Data provided:

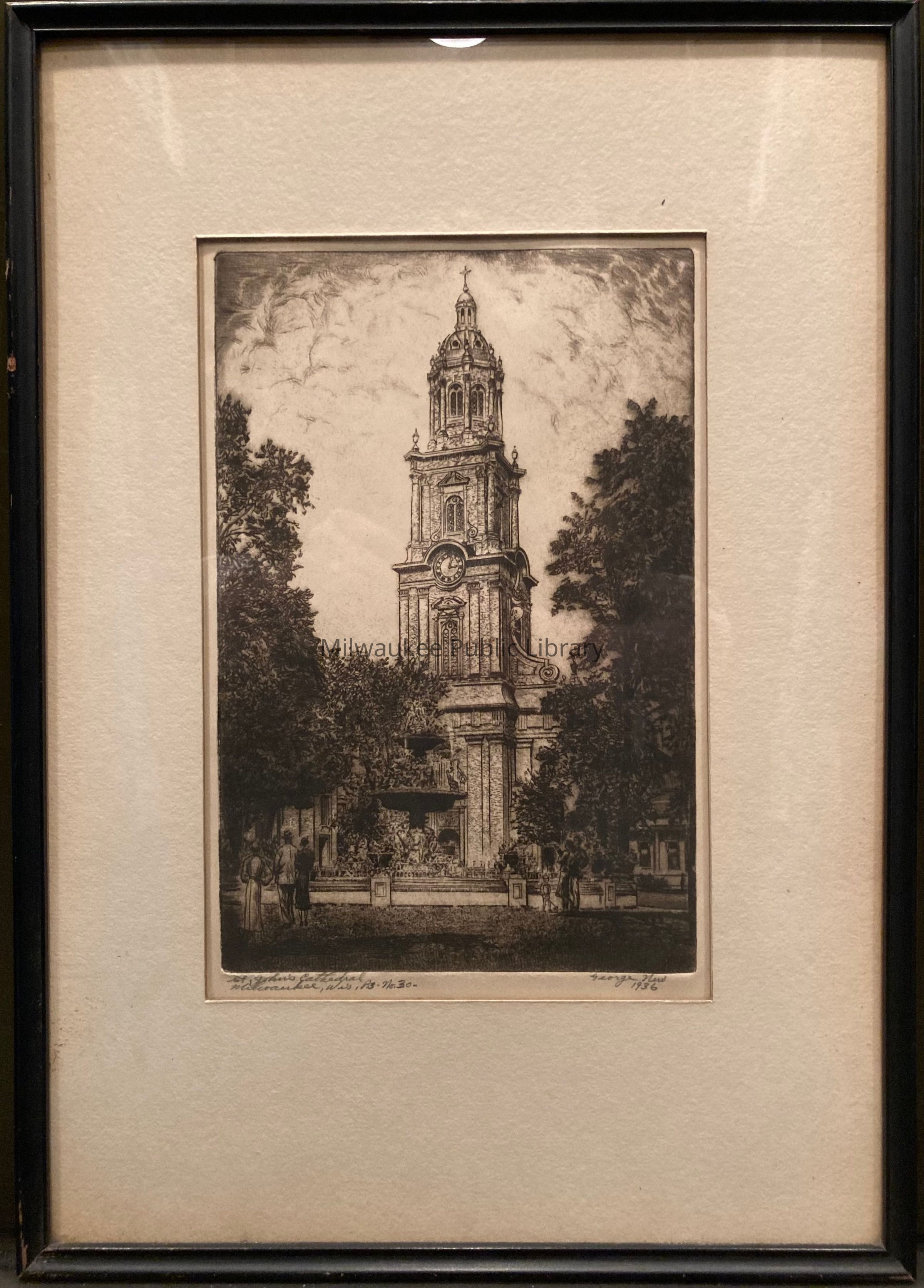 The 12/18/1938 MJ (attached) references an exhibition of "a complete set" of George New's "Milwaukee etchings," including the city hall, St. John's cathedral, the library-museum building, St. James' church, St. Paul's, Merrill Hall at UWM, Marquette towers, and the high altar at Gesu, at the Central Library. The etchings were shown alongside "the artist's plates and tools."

--

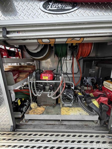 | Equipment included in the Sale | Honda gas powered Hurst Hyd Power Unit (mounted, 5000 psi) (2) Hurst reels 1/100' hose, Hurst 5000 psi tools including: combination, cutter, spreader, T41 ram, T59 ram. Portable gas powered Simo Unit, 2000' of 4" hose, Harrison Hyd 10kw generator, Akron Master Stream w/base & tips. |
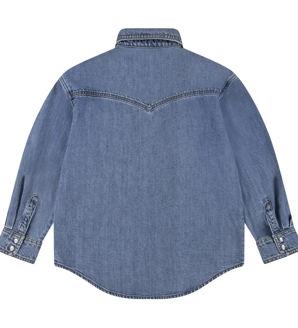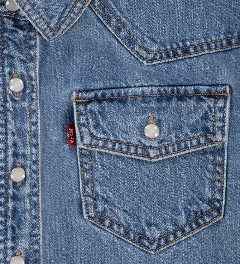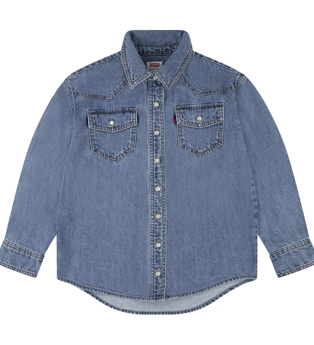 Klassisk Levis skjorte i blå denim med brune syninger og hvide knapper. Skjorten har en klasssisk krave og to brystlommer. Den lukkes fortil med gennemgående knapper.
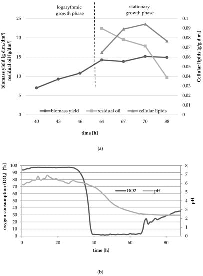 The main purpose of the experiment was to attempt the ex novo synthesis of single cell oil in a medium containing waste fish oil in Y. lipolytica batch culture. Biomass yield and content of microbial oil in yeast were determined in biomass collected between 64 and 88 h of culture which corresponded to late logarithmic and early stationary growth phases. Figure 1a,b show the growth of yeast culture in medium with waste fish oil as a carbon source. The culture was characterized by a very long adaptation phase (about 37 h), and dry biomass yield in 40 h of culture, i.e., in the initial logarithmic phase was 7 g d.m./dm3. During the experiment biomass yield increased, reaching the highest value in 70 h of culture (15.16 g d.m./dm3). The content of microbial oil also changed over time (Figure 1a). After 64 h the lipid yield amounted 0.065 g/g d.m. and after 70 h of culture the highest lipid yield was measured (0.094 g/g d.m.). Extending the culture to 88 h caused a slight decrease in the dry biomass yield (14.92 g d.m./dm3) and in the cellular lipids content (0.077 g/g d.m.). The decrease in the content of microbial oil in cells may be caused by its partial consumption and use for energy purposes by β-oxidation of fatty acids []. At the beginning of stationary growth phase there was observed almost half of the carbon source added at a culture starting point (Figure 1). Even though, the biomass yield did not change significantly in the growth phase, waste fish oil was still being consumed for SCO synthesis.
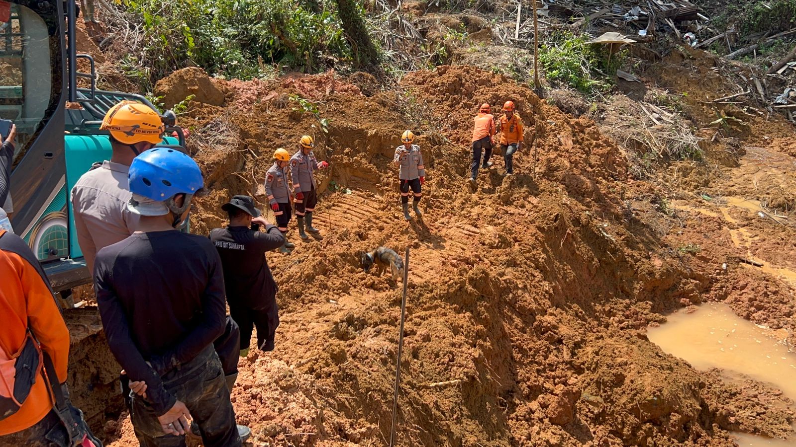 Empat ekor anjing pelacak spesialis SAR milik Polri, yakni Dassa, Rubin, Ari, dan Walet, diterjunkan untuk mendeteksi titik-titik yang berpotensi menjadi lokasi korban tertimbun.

What is needed:
Quote the data above exactly from the line with "w/base & tips. |" to the line with "Klassisk Levis skjorte", both ends counted, and nothing else. Pictures don't go in.

Solution to this problem:
 | Equipment included in the Sale | Honda gas powered Hurst Hyd Power Unit (mounted, 5000 psi) (2) Hurst reels 1/100' hose, Hurst 5000 psi tools including: combination, cutter, spreader, T41 ram, T59 ram. Portable gas powered Simo Unit, 2000' of 4" hose, Harrison Hyd 10kw generator, Akron Master Stream w/base & tips. |
 Klassisk Levis skjorte i blå denim med brune syninger og hvide knapper. Skjorten har en klasssisk krave og to brystlommer. Den lukkes fortil med gennemgående knapper.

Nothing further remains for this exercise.